Having received no records following its multiple requests, the Division’s auditor had to come up with a way to audit the business’s sales. In calculating tax due on audit, the Division accepted Petitioner’s gross sales, as reported, but was unwilling to accept the business’s estimated taxable ratio (20/80) without some substantiation. Consequently, the Division took the business’s gross sales and subtracted the nontaxable wholesales that the business reported during the two quarters during the audit period for which it actually filed informational returns. The Division then simply taxed the remaining sales because there was no proof that such sales constituted nontaxable wholesales. This resulted in additional taxable sales of almost $93 million!

It seems a bit harsh that for periods where the business made no informational returns (or provided any other proof) regarding its nontaxable wholesale sales, the Division assumed that the business made absolutely no nontaxable sales. Perhaps a fairer way to proceed would have been to apply the same taxable/nontaxable percentage found during the periods for which the business made information returns to the periods for which it did not. Indeed, other audit results have been thrown out when auditors failed to make a reasonable allowance for nontaxable sales. See Matter of Bernstein-on-Essex St., Inc., et al., DTA Nos. 807165, 807166, 807167; Matter of Majestic Deli Grocery Inc., et al., DTA Nos. 827533, 827534. But alas, when taxpayers come before the Division of Tax Appeals with little or no evidentiary support, especially in the face of repeated requests for such support, good things tend not to happen.

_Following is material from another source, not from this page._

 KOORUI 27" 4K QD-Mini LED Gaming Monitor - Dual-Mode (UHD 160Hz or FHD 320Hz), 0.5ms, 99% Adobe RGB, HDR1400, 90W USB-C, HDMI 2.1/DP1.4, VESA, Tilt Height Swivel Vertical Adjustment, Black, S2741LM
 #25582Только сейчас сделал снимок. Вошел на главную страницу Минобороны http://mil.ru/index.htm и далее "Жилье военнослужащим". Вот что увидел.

3.) Revocation of Certificate

The Division also sought to revoke the business’s certificate of authority due to its repeated failures to file informational returns regarding its wholesale transactions. The Tribunal sums it up best: “[c]onsidering [Petitioner’s] undisputed failures to file the information returns required by Tax Law § 1136, even after being prompted to do so by the Division, taken together with [Petitioner’s] demonstrated ability to file such returns on two occasions, we agree with the Administrative Law Judge that [Petitioner’s] continued failure to file the required information returns was knowing, deliberate and voluntary and therefore constitutes a willful failure to file a required return.” Given this willful failure, the Tribunal sustained the Division’s revocation of the business’s Certificate of Authority. This effectively means that the business cannot legally make taxable sales in New York State.  One would think it’s going to miss those sales, even if they only constituted 20% of total sales.

Matter of Lord of Kings Inc.; Division’s Rep: Michael Hall; Taxpayer’s Reps: Ehsanul Habib and Ahmed Faisal; Articles 28 and 29 (by Emma Savino).

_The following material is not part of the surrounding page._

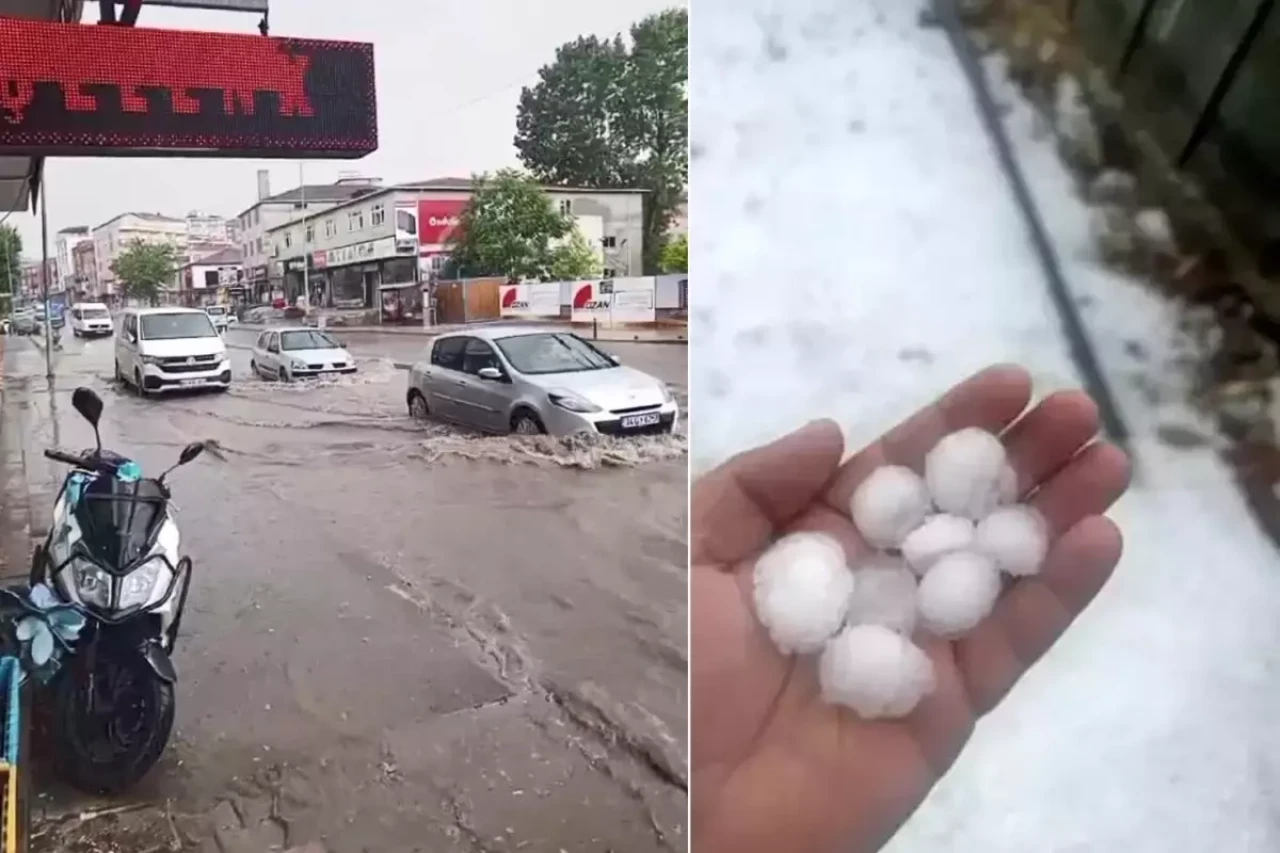 Sancaktepe'de aniden bastıran dolu kısa sürede yerini sağanak yağmura bıraktı. Hazırlıksız yakalananlar korunaklı alanlara sığınırken, yolların suyla kaplanması ulaşımı aksattı.

The Tribunal agreed with the ALJ (we wrote about the determination here) that the Division proved both its standard mailing practices, and that these practices were followed to mail a Notice of Determination to Petitioner at its last known addresses on June 24, 2015. The Tribunal went through the timeliness analysis even though Petitioner did not dispute that the petition was late filed on July 6, 2018.

Instead, before the Tribunal, Petitioner argued that a bulk sale release was issued and that this matter was previously resolved during the conciliation process. However, the Tribunal determined that the Petitioner did not prove a bulk sale release notification was issued to Petitioner because the release was not part of the record in the ALJ hearing, and thus could not be considered. As for what occurred during the conciliation process, the Tribunal found that the fact that the notice issued to Petitioner’s president was modified had no relevance to the notice issued to Petitioner. Thus, the Tribunal affirmed the ALJ’s determination and dismissed the petition.

DETERMINATION

Matter of Prathiban; Judge: Behuniak; Division’s Rep: M. Greg Jones; Taxpayer’s Rep: Isaac Sternheim, CPA; Articles 28 and 29 (by Emma Savino).

The Division issued Petitioner a Notice of Determination dated June 19, 2018. Petitioner filed his request for conciliation conference on January 3, 2019. BCMS issued an order dismissing the request as untimely. Petitioner then filed a timely petition. Despite the slight differences in addresses, the Judge found that the Division proved both its standard procedures and that they were followed when it mailed the Notice to Petitioner’s last known address on June 19, 2018. So, the Judge sustained the dismissal of Petitioner’s request for conciliation conference as untimely.